Data below:
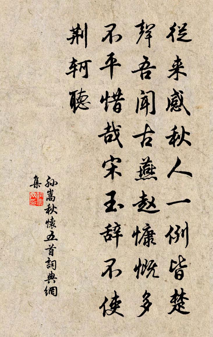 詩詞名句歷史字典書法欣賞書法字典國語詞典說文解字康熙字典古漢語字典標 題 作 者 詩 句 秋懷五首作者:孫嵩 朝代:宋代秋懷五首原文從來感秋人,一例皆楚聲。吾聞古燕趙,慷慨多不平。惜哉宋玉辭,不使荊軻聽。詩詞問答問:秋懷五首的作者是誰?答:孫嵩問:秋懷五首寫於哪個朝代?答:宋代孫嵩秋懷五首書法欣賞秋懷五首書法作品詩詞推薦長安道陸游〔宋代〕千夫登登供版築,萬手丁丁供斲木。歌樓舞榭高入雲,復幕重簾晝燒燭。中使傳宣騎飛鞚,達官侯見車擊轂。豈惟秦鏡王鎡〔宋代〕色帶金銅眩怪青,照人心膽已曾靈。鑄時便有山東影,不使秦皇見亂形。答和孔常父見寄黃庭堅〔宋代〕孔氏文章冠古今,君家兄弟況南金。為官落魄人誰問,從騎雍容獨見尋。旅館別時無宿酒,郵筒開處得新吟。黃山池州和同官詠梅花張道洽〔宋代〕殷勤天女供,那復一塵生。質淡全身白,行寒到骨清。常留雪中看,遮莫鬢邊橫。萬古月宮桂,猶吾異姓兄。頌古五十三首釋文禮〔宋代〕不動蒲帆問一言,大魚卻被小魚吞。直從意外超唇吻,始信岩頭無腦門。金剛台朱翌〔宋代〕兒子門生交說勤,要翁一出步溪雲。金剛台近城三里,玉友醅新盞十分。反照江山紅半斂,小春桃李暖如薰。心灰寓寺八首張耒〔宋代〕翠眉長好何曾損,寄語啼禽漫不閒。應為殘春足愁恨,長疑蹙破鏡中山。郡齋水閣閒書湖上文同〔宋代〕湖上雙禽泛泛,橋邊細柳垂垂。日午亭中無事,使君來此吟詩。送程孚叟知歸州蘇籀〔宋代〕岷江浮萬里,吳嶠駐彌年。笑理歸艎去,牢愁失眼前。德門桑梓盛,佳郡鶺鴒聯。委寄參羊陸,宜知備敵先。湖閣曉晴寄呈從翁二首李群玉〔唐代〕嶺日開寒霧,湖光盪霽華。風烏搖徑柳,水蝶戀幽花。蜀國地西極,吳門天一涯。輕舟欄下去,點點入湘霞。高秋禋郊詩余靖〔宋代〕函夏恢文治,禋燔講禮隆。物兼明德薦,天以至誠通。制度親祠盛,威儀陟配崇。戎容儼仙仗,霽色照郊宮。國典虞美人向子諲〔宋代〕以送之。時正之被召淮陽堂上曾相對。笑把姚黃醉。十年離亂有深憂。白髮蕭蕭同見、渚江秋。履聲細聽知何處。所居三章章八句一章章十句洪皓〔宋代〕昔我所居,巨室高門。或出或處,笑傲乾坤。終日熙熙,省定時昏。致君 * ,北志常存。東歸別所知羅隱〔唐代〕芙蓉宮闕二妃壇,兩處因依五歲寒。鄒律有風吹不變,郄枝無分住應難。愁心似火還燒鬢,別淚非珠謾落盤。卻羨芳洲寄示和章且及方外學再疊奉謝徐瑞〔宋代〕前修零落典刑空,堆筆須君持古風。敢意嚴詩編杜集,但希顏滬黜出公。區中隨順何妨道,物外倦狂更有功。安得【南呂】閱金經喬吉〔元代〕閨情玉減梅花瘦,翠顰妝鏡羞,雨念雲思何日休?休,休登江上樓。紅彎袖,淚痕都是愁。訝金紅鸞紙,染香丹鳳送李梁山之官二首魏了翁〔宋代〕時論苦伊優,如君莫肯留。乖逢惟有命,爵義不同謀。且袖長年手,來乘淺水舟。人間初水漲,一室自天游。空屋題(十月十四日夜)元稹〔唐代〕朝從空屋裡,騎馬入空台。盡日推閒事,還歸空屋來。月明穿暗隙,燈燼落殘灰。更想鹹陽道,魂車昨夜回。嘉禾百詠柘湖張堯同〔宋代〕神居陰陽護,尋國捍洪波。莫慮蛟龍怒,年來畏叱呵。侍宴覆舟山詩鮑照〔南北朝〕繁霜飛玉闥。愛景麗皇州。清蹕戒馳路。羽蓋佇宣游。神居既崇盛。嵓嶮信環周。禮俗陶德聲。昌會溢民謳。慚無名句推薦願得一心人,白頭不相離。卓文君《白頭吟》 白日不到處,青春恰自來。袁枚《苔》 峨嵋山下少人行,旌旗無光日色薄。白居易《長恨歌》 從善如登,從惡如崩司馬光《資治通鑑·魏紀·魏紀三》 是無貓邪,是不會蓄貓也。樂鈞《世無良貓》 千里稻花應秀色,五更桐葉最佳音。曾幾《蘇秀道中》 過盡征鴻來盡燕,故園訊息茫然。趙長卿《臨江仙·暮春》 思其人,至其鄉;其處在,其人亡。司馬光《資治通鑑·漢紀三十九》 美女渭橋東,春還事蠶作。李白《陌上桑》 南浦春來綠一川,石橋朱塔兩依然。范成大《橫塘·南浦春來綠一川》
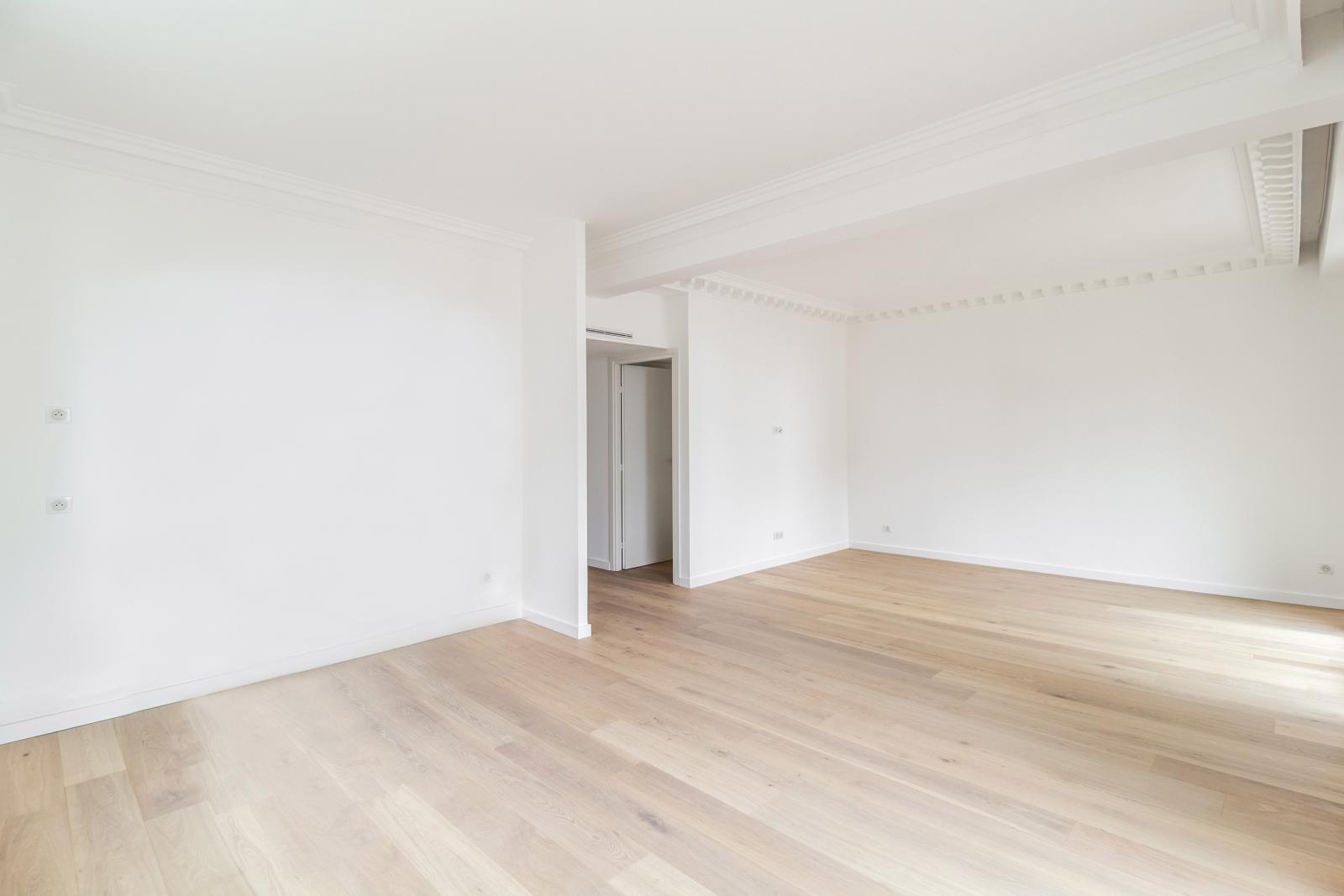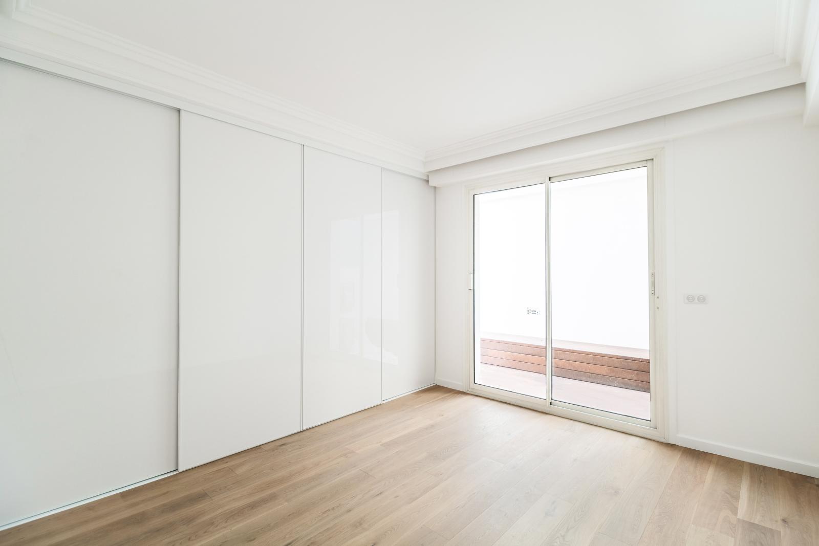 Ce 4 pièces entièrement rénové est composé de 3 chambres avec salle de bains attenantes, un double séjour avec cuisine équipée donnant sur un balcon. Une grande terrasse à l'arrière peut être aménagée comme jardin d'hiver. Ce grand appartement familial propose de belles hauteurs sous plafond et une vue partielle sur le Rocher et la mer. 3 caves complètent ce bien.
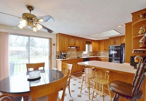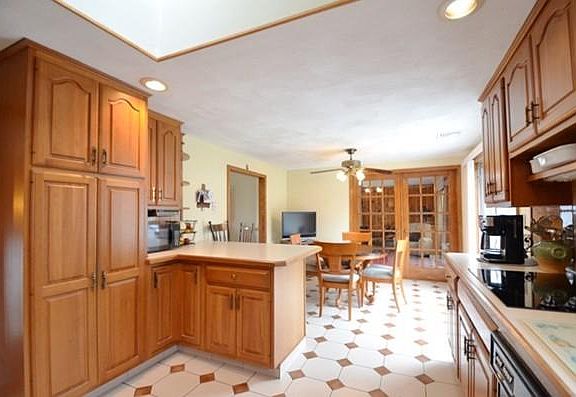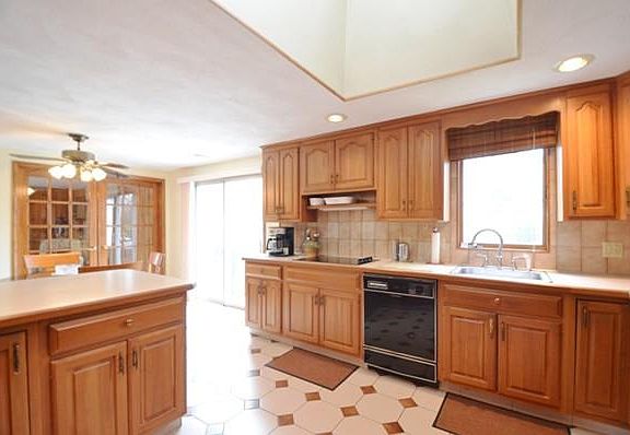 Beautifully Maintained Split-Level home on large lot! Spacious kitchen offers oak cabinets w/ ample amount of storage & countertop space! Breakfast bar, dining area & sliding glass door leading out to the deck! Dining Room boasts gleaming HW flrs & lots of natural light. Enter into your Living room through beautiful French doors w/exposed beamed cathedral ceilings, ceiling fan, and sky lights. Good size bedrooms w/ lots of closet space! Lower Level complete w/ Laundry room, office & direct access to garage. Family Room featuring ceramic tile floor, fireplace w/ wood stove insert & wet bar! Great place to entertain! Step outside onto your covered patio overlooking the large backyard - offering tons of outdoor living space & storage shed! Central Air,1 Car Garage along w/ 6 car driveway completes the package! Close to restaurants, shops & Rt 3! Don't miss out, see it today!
End of Data.
§ Directions for this task: Pictures are not part of the copy; retype all the other material exactly.

§ Your solution:
 詩詞名句歷史字典書法欣賞書法字典國語詞典說文解字康熙字典古漢語字典標 題 作 者 詩 句 秋懷五首作者:孫嵩 朝代:宋代秋懷五首原文從來感秋人,一例皆楚聲。吾聞古燕趙,慷慨多不平。惜哉宋玉辭,不使荊軻聽。詩詞問答問:秋懷五首的作者是誰?答:孫嵩問:秋懷五首寫於哪個朝代?答:宋代孫嵩秋懷五首書法欣賞秋懷五首書法作品詩詞推薦長安道陸游〔宋代〕千夫登登供版築,萬手丁丁供斲木。歌樓舞榭高入雲,復幕重簾晝燒燭。中使傳宣騎飛鞚,達官侯見車擊轂。豈惟秦鏡王鎡〔宋代〕色帶金銅眩怪青,照人心膽已曾靈。鑄時便有山東影,不使秦皇見亂形。答和孔常父見寄黃庭堅〔宋代〕孔氏文章冠古今,君家兄弟況南金。為官落魄人誰問,從騎雍容獨見尋。旅館別時無宿酒,郵筒開處得新吟。黃山池州和同官詠梅花張道洽〔宋代〕殷勤天女供,那復一塵生。質淡全身白,行寒到骨清。常留雪中看,遮莫鬢邊橫。萬古月宮桂,猶吾異姓兄。頌古五十三首釋文禮〔宋代〕不動蒲帆問一言,大魚卻被小魚吞。直從意外超唇吻,始信岩頭無腦門。金剛台朱翌〔宋代〕兒子門生交說勤,要翁一出步溪雲。金剛台近城三里,玉友醅新盞十分。反照江山紅半斂,小春桃李暖如薰。心灰寓寺八首張耒〔宋代〕翠眉長好何曾損,寄語啼禽漫不閒。應為殘春足愁恨,長疑蹙破鏡中山。郡齋水閣閒書湖上文同〔宋代〕湖上雙禽泛泛,橋邊細柳垂垂。日午亭中無事,使君來此吟詩。送程孚叟知歸州蘇籀〔宋代〕岷江浮萬里,吳嶠駐彌年。笑理歸艎去,牢愁失眼前。德門桑梓盛,佳郡鶺鴒聯。委寄參羊陸,宜知備敵先。湖閣曉晴寄呈從翁二首李群玉〔唐代〕嶺日開寒霧,湖光盪霽華。風烏搖徑柳,水蝶戀幽花。蜀國地西極,吳門天一涯。輕舟欄下去,點點入湘霞。高秋禋郊詩余靖〔宋代〕函夏恢文治,禋燔講禮隆。物兼明德薦,天以至誠通。制度親祠盛,威儀陟配崇。戎容儼仙仗,霽色照郊宮。國典虞美人向子諲〔宋代〕以送之。時正之被召淮陽堂上曾相對。笑把姚黃醉。十年離亂有深憂。白髮蕭蕭同見、渚江秋。履聲細聽知何處。所居三章章八句一章章十句洪皓〔宋代〕昔我所居,巨室高門。或出或處,笑傲乾坤。終日熙熙,省定時昏。致君 * ,北志常存。東歸別所知羅隱〔唐代〕芙蓉宮闕二妃壇,兩處因依五歲寒。鄒律有風吹不變,郄枝無分住應難。愁心似火還燒鬢,別淚非珠謾落盤。卻羨芳洲寄示和章且及方外學再疊奉謝徐瑞〔宋代〕前修零落典刑空,堆筆須君持古風。敢意嚴詩編杜集,但希顏滬黜出公。區中隨順何妨道,物外倦狂更有功。安得【南呂】閱金經喬吉〔元代〕閨情玉減梅花瘦,翠顰妝鏡羞,雨念雲思何日休?休,休登江上樓。紅彎袖,淚痕都是愁。訝金紅鸞紙,染香丹鳳送李梁山之官二首魏了翁〔宋代〕時論苦伊優,如君莫肯留。乖逢惟有命,爵義不同謀。且袖長年手,來乘淺水舟。人間初水漲,一室自天游。空屋題(十月十四日夜)元稹〔唐代〕朝從空屋裡,騎馬入空台。盡日推閒事,還歸空屋來。月明穿暗隙,燈燼落殘灰。更想鹹陽道,魂車昨夜回。嘉禾百詠柘湖張堯同〔宋代〕神居陰陽護,尋國捍洪波。莫慮蛟龍怒,年來畏叱呵。侍宴覆舟山詩鮑照〔南北朝〕繁霜飛玉闥。愛景麗皇州。清蹕戒馳路。羽蓋佇宣游。神居既崇盛。嵓嶮信環周。禮俗陶德聲。昌會溢民謳。慚無名句推薦願得一心人,白頭不相離。卓文君《白頭吟》 白日不到處,青春恰自來。袁枚《苔》 峨嵋山下少人行,旌旗無光日色薄。白居易《長恨歌》 從善如登,從惡如崩司馬光《資治通鑑·魏紀·魏紀三》 是無貓邪,是不會蓄貓也。樂鈞《世無良貓》 千里稻花應秀色,五更桐葉最佳音。曾幾《蘇秀道中》 過盡征鴻來盡燕,故園訊息茫然。趙長卿《臨江仙·暮春》 思其人,至其鄉;其處在,其人亡。司馬光《資治通鑑·漢紀三十九》 美女渭橋東,春還事蠶作。李白《陌上桑》 南浦春來綠一川,石橋朱塔兩依然。范成大《橫塘·南浦春來綠一川》
 Ce 4 pièces entièrement rénové est composé de 3 chambres avec salle de bains attenantes, un double séjour avec cuisine équipée donnant sur un balcon. Une grande terrasse à l'arrière peut être aménagée comme jardin d'hiver. Ce grand appartement familial propose de belles hauteurs sous plafond et une vue partielle sur le Rocher et la mer. 3 caves complètent ce bien.
 Beautifully Maintained Split-Level home on large lot! Spacious kitchen offers oak cabinets w/ ample amount of storage & countertop space! Breakfast bar, dining area & sliding glass door leading out to the deck! Dining Room boasts gleaming HW flrs & lots of natural light. Enter into your Living room through beautiful French doors w/exposed beamed cathedral ceilings, ceiling fan, and sky lights. Good size bedrooms w/ lots of closet space! Lower Level complete w/ Laundry room, office & direct access to garage. Family Room featuring ceramic tile floor, fireplace w/ wood stove insert & wet bar! Great place to entertain! Step outside onto your covered patio overlooking the large backyard - offering tons of outdoor living space & storage shed! Central Air,1 Car Garage along w/ 6 car driveway completes the package! Close to restaurants, shops & Rt 3! Don't miss out, see it today!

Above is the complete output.